- -
- 100%
- +

Валерий Искра
Всё, что навеки – мимолётно…
Валерий Искра родился и живёт в Волгограде.
Автор стихов философского жанра с применением ассоциативной поэзии. С помощью этого выразительного поэтического средства, читателям приоткрывается дверь в тайную комнату.
Номинант премии «Поэт года» (2021 г.). Лауреат литературной премии «Наследие» (2003 г.). Член Российского союза писателей с 2021 года. Член Евразийской Творческой Гильдии (Лондон) с 2021 года.
Источники вдохновения: жизнь, свобода, справедливость.
Личные увлечения: историческая литература раннего периода России, СССР, ВОВ. Рыбалка, вело и водный туризм.
Может быть всё наладится…
Мой вечер – из листьев вороха,
из шелеста, скрипа, шороха.
Из праха того, что дорого,
того, что легко отнять.
Мой мир не спасти молитвами,
мощами к кресту прибитыми.
Упавшим на поле битвы – им,
мне нечего больше дать.
Цветы на могилку – надо ли?
Мы жили как листья – падали.
В окрестностях рая, ада ли,
свинцом разбавляли спесь.
Весну продавали в розницу –
она и сегодня по сердцу.
За то, несомненно, спросится.
Потом. Не сейчас, не здесь.
Весна – это время нежное,
с проснувшимися надеждами.
С проталиной под одеждою,
в том месте, где отлегло.
Надежды бывают разные,
но чаще всего – напрасные.
Мы их, как победы, празднуем,
себе и другим назло.
Дни вверх по небесной лестнице.
Луна скоро станет месяцем.
Мир в точку на карте вместится,
а точка – уже итог.
В конце объективной данности,
нет места для благодарности.
Забвенье – удел бездарности,
последний, как есть, урок.
Награды за всё получены.
Все волны бегут к излучине.
Кто против теченья – мученик,
а значит, его простят.
Всё вдоль-поперёк исхожено.
Те, кто не дошёл – стреножены.
Душа? Так она заложена…
Но, впрочем, никто не свят.
Весна в поднебесном платьице,
неспешно под горку катится.
А может быть, всё наладится?
Пророчества часто лгут.
Есть повод ещё надеяться,
что жизнь, словно сердце девицы –
изменится, переменится,
и ангелы нас найдут.
Как всегда, неясно – в чём подвох?..
Здесь даль сравнима с плоскостью стекла.
Вид из окна не для духовной пищи:
до блеска гол, до пустоты зачищен.
Лишь неба ржавый барк, цепляясь днищем,
скоблит степные кости добела.
Теперь уже и шорох – звук пустой
(когда неслышен ни Бальмонт, ни Бродский).

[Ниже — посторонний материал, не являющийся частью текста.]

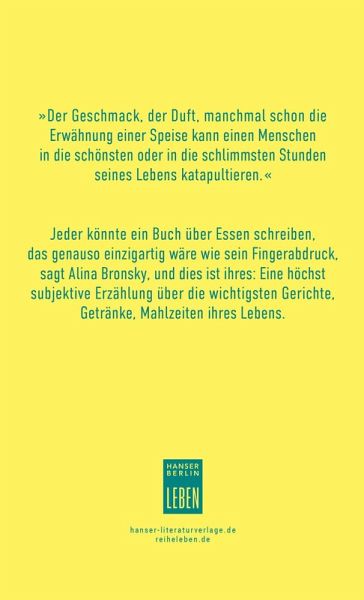 Wenn Bestsellerautorin Alina Bronsky über Essen schreibt, geht es ans Eingemachte: Um Liebe, Hass, Verführung und Erpressung. Nur wenige Dinge sind so privat und so öffentlich, so zelebriert oder verheimlicht, so omnipräsent und zugleich verdrängt wie die Speisen, die wir zu uns nehmen. Jeder könnte ein Buch über Essen schreiben, das genauso einzigartig wäre wie sein Fingerabdruck, behauptet Alina Bronsky, und schreibt nun ihres: Eine höchst subjektive Erzählung über ihre persönliche Beziehung zu Porridge, Schokolade, Butterbrot, Borschtsch oder der Vogelmilchtorte. Denn für sie sind diese Speisen nicht einfach nur Nahrung, sondern ein Mittel der Fürsorge, Emanzipation, emotionalen Erpressung, das mal nach Heimat schmeckt, mal nach Liebe, Hemmungslosigkeit oder Askese. Ein bittersüßes kulinarisches Lesevergnügen: manchmal komisch und manchmal melancholisch.

Из ниоткуда степь, с любовью плотской,
придавят плотно участью сиротской,
к земле всё той же и уже не той.
Потом омоют так, как моют пол,
втирая «Proper» в мраморную плитку.
Разъяв на «до» и «после» – так, навскидку,
в порыве чувств, от тех же чувств избытка,
загонят в рёбра пограничный кол.
Играя в жизнь, которая «Потом».
Играя в тьму, где надо притерпеться.
Где надо верить, что у тьмы есть сердце,
есть имя и талмуд для иноверцев,
что это «После» где-то за углом.
Там, где зарёй бинтуют облака,
в привычных для больницы алых красках.
Там шрамов нет, полученных напрасно,
и на билеты в эту: «Жизнь прекрасна!» –
цена на первый взгляд невысока.
Почти за так, почти за просто так:
нужна лишь роспись – кровью на бумаге.
Принять на веру – это жест отваги.
Но в заповедном том архипелаге,
всему, что в кровь, не запасти бумаг…
Горбы равняют слаженностью спин.
Саркому исцеляют изотопом.
Всё вместе правят скальпелем потопа,
а душу лечат – в даль степные тропы
и птичьей стаи в небо вбитый клин.
В конце одной из четырёх эпох,
процесс распада, возведённый в степень,
рукой художника рисует степи.
Ещё не Босх, но и уже не Репин.
И как всегда, неясно – в чём подвох?
Минорный отголосок тишины…
Из тишины, из складок дня и ночи кружев,
портной-бродяга сшил вечернюю строку.
Решив, что как ни поверни – скрипач не нужен,
когда уместно незатейливое "Ку".
Уместно всё, что отцвело, отголосило,
о чём не надо вспоминать и сожалеть.
Чему, уже не опасаясь слова "Было",
на грани неба, тверди и покоя тлеть.
Качните створками окна, земные феи,
впустив минорный отголосок тишины
с настойкой звёзд на феромонах Водолея,
с изящно вырезанным ломтиком луны.
Пусть кто-то менее земной читает мантры,
покинув землю в вечных поисках огня.
Но нет созвездия со знаком саламандры,
чтоб вновь воскреснуть для тебя и для меня,
в том, что когда-то было так, а не иначе.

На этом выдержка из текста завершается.